• [EXERCISE PROMPT] Return all of the data verbatim, dropping any picture.

• [INFORMATION SHOWN]
━━━━━━━━

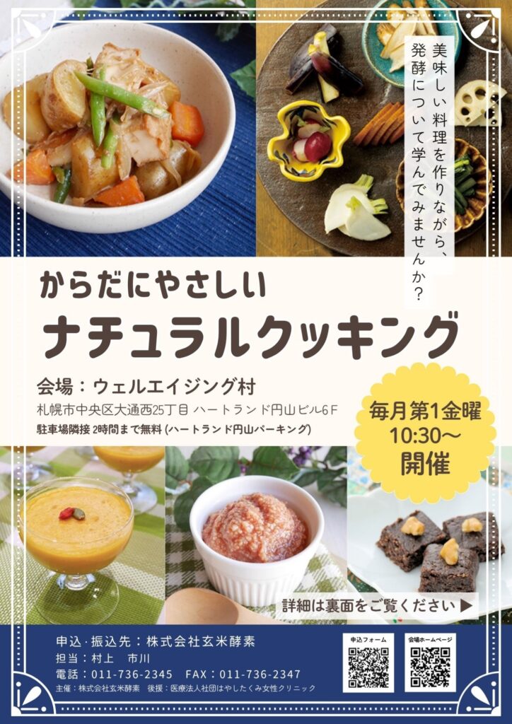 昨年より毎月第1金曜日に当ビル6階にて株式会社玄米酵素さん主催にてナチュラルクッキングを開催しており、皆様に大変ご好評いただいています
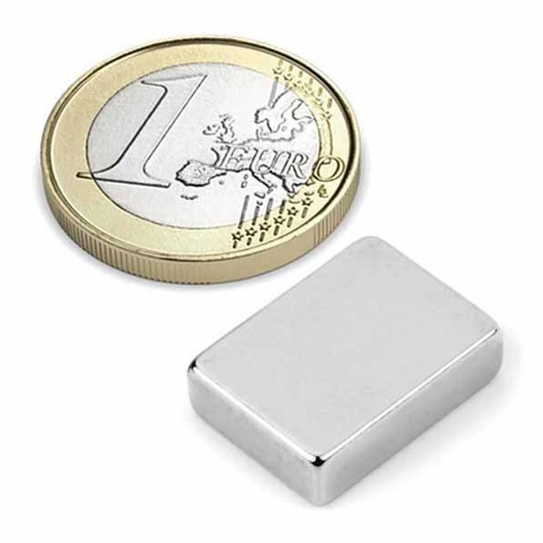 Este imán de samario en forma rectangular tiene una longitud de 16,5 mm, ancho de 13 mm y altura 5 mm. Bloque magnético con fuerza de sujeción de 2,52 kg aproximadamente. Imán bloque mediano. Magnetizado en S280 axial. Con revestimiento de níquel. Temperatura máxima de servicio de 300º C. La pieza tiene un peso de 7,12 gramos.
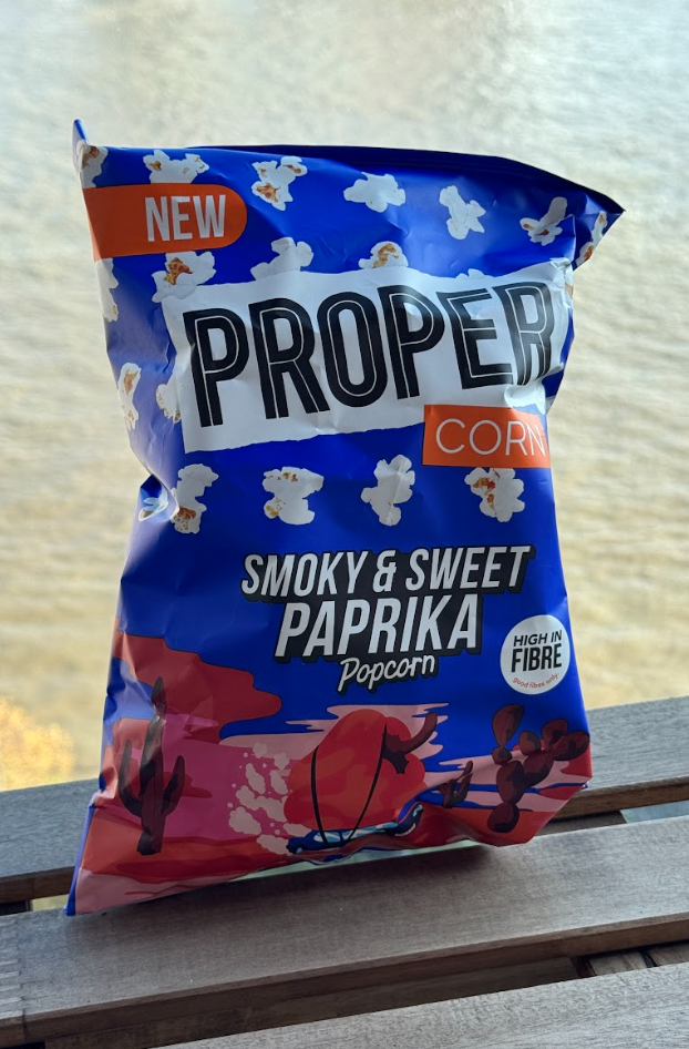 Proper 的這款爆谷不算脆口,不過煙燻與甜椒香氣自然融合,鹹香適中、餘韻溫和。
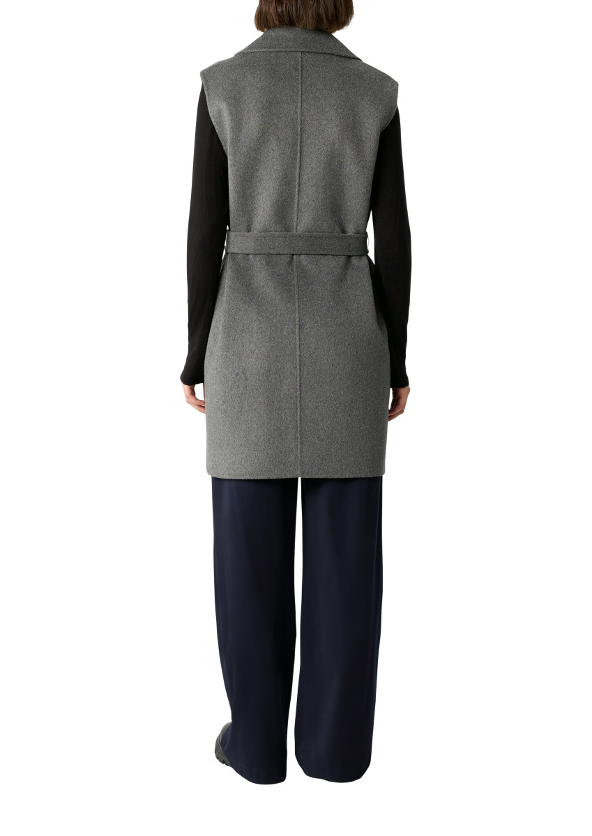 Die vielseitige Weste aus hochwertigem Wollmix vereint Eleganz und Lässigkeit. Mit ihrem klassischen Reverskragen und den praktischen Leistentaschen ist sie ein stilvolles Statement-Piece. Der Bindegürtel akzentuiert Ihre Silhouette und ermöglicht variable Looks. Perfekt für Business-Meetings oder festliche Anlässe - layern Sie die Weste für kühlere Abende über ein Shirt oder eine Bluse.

━━━━━━━━

• [EXERCISE OUTPUT]
 昨年より毎月第1金曜日に当ビル6階にて株式会社玄米酵素さん主催にてナチュラルクッキングを開催しており、皆様に大変ご好評いただいています
 Este imán de samario en forma rectangular tiene una longitud de 16,5 mm, ancho de 13 mm y altura 5 mm. Bloque magnético con fuerza de sujeción de 2,52 kg aproximadamente. Imán bloque mediano. Magnetizado en S280 axial. Con revestimiento de níquel. Temperatura máxima de servicio de 300º C. La pieza tiene un peso de 7,12 gramos.
 Proper 的這款爆谷不算脆口,不過煙燻與甜椒香氣自然融合,鹹香適中、餘韻溫和。
 Die vielseitige Weste aus hochwertigem Wollmix vereint Eleganz und Lässigkeit. Mit ihrem klassischen Reverskragen und den praktischen Leistentaschen ist sie ein stilvolles Statement-Piece. Der Bindegürtel akzentuiert Ihre Silhouette und ermöglicht variable Looks. Perfekt für Business-Meetings oder festliche Anlässe - layern Sie die Weste für kühlere Abende über ein Shirt oder eine Bluse.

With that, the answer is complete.